Codorus Valley Bancorp, Inc. Reports Earnings for the Quarter and Year Ended December 31, 2017

YORK, Pa., Jan. 18, 2018 (GLOBE NEWSWIRE) -- Codorus Valley Bancorp, Inc. (Codorus Valley, or the Corporation) (NASDAQ:CVLY), parent company of PeoplesBank, a Codorus Valley Company (PeoplesBank), today announced net income available to common shareholders (earnings) of $1.5 million or $0.17 per share basic and diluted, for the three months ended December 31, 2017, as compared to earnings of $3.8 million or $0.44 per share basic and $0.43 per share diluted, for the three months ended December 31, 2016. For the year ended December 31, 2017, the Corporation earned $12.0 million or $1.35 per share basic and $1.34 per share diluted, compared to $13.1 million or $1.49 per share basic and $1.48 per share diluted for the year ended December 31, 2016. The decrease in net income and earnings per share, for the quarter and year, was primarily the result of a $2.8 million reduction in the net deferred tax asset value due to the new corporate tax rate of 21 percent enacted as part of the Tax Cuts and Jobs Act.

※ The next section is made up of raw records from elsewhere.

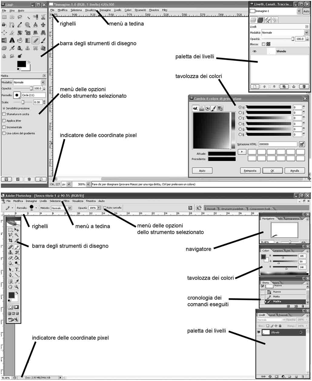 figura 60 — Interfaccia di Gimp (sopra) e di Photoshop (sotto)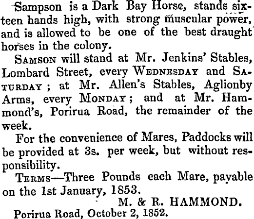 -Sampson is a Dark Bay Horse, stands sixteen hands high, with strong muscular power, ' and is allowed to be one of the best draught horses in the colony. Samson will stand at Mr. Jenkins' Stables, Lombard Street, every Wednesday and Saturday ; at Mr. Allen's Stables, Aglionby Arms, every Monday ; and at Mr. Hammond's, Porirua Road, the remainder of the week. For the convenience of Mares, Paddocks will be provided at 3s. per week, but without responsibility. Terms — Three Pounds each Mare, payable on the Ist January, 1853. M. & R. HAMMOND. Porirua Road, October 2, 1852.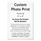 Custom Photo Print blank customisable, personalised custom print photo print template - 4" x 6" vertical (portrait) Kodak Professional Photo Paper (Satin) photo print, developed specifically for darkroom printing, Kodak photographic paper is a premium silver-halide photo paper that is designed to dramatically enhance your picture colours, while still maintaining a consistent tonal reproduction, all photo prints available in dozens of custom metal or colour toned wood frame options, (made in America with 100% Ash wood) and hand-fitted by a team of professional framers, with mat (mount, card frame) and frame glazing options available - for photo, image, text, or your own customised design creation. CUSTOM PHOTO PRINT (BULK BUY DISCOUNT PRODUCT) MULTI PURCHASE SAVINGS: 4 photos. (Save 10%) 51 photos. (Save 15%) 101 photos. (Save 20%) Note: Check the drop down options on Item Quantity 'Qty' button for current discounts on specific numbers ordered. Multi purchase savings refer to .com rates - discounts on multiple orders from other country specific Zazzle sites may differ or may not be available. All stated discounts are correct at time of input and are subject to change. ADD A STANDARD FRAME: Black Wood STANDARD FRAMES are made of 100% wood and are a very affordable finishing touch! Standard frames come ready-made in many standard sizes, and so are available only on standard size photo prints but not custom sizes, which will require your choice of wood or metal CUSTOM FRAME. Depending on the dimensions of your photo print, there may be options of mount, mat, card frame to surround your photo print within the frame. ADD A CUSTOM FRAME: Custom frames are hand-made by pro framers and are therefore available for any standard or custom size photo print. Featured in wood and metal styles, custom frames are a perfect complement to your art. Depending on the dimensions of your photo print, there may be options of a first and second mount, mat, card frame to surround your photo print within the frame. Your also have the option of Acrylic, Acrylic (Non-Glare) or Acrylic (UV-Protection) glaze applied to your choice of frame. CUSTOM FRAME GLAZING OPTIONS: ACRYLIC: The most basic type of glazing, this clear sheet of acrylic is firm enough to avoid bending in the frame. Standard acrylic glazing works to protect your image from dust and dirt, and is more impact-resistant than glass, so you don't have to worry if the picture falls down. It is perfect for use in children's rooms and in high-traffic areas of your home or office. ACRYLIC, NON-GLARE: Lightly etched to produce a surface pattern that diffuses reflections, non-glare acrylic glazing makes your artwork easier to view. With a matte finish, this glazing option can be useful when your art is placed in a brightly-lit area. ACRYLIC, UV-PROTECTION: Designed for conservation, acrylic glazing with UV-protection keeps your image from fading, yellowing, and brittling as a result of exposure to direct sunlight and artificial light. The best option for framing your museum quality fine art and photographs, UV-protection acrylic filters out the damaging UV-rays to make your art enjoyable for many years to come. CUSTOM WOOD FRAME COLOR & SIZE OPTIONS (some options may not be in stock): Cherry Frame (1 1/4") Honey Oak Frame (1 1/4") Country Honey Frame (1 1/2") Black Coffee Frame (1 1/8") Black Coffee Frame (1 1/2") Sunset Gold Frame (1 1/8") Whitewash Frame (1 1/4") Honey with Rope Frame (1 1/4") Gold Ornate Frame (1") Walnut with Rope Frame (1 1/4") Antique Silver Ornate Frame (1") Barnwood Olive Green Frame (1 1/2") Barnwood Mocha Frame (1 1/2") Satin Black Frame (1 3/8") Country Honey Frame (2") Sunset Gold Frame (2") Black Coffee Frame (2") Traditional White Frame (1 1/4") Rainbow White Frame (7/8") Rainbow Red Frame (7/8") Rainbow Green Frame (7/8") Rainbow Royal Blue Frame (7/8") Rainbow Canary Frame (7/8") Rainbow Orange Frame (7/8") Rainbow Lavender Frame (7/8") Rainbow Navy Blue Frame (7/8") Rainbow Black Frame (7/8") Sunset Gold Frame (1 1/2") Walnut Starflower Frame (7/8") Sunset Gold Frame (1 1/2") Bronze Scoop Frame (1 1/8") Charcoal Scoop Frame (1 1/8") Country Honey Frame (1 1/8") Country Honey Frame (1 1/2") Black Coffee Frame (1 1/2") Plum Ornate Frame (1 1/2") Tan Rustic Frame (1 1/4") Brown Rustic Frame (1 1/4") Black Rustic Frame (1 1/4") Gold Ornate Frame (1 1/2") Pewter Ornate Frame (1 1/2") Gold Ornate Frame (2") Antique Silver Ornate Frame (2") Walnut Two-Tone Frame (1") Honey Two-Tone Frame (1") Basic Black Frame (1 1/4") Basic Natural Frame (1 1/4") Basic Mahogany Frame (1 1/4") Basic Fruitwood Frame (1 1/4") Basic Black Frame (3/4") Basic Natural Frame (3/4") Basic Mahogany Frame (3/4") Basic Fruitwood Frame (3/4") Basic Walnut Frame (3/4") Matte Black Frame (1 3/4") Natural Frame (1 3/4") Mahogany Frame (1 3/4") Fruitwood Frame (1 3/4") Walnut Frame (1 3/4") Heavily Distressed Black Frame (1 1/2") Distressed Black Frame (1 1/2") Distressed Walnut Frame (1 1/2") CUSTOM METAL FRAME COLOR & SIZE OPTIONS (some options may not be in stock): Matte Black Metal Frame (7/16") Bright White Metal Frame (7/16") Mosaic Blue Metal Frame (7/16") Chinese Red Metal Frame (7/16") Anodic Black Metal Frame (7/16") Graphite Metal Frame (7/16") Frosted Walnut Metal Frame (7/16") Gold Metal Frame (7/16") Frosted Gold Metal Frame (7/16") Frosted Silver Metal Frame (7/16") Silver Metal Frame (7/16") Burnt Sienna Metal Frame (7/16") Matte Black Metal Frame (1 3/8") Brushed German Silver Metal Frame (1 3/8") Florentine Grey Metal Frame (1 3/8") Florentine Walnut Metal Frame (1 3/8") Black Metal Frame (1 3/8") Brushed Antique Gold Metal Frame (1 3/8") Brushed Satin Chocolate Metal Frame (1 3/8") CUSTOM FRAME MAT, MOUNT, CARD FRAME OPTIONS (In order from most popular): White Conservation Mat Antique White Conservation Mat Sand Conservation Mat Ivory Conservation Mat Buff Conservation Mat Yellow Conservation Mat Pink Conservation Mat Light Blue Conservation Mat Blac

Chairman, President and CEO Larry J. Miller commented, “Thanks to the outstanding efforts of our dedicated associates, the continued support of our shareholders, and the loyalty of our clients, 2017 was yet another year of strong performance for Codorus Valley Bancorp, Inc. and PeoplesBank. Excluding the impact of the reduction in net deferred tax assets, net income for the year would have been $14.8 million, which represents an increase of 13 percent year over year. Our total loans and deposits both grew 10 percent year over year, with non-interest bearing deposits growing by more than 22 percent year over year.”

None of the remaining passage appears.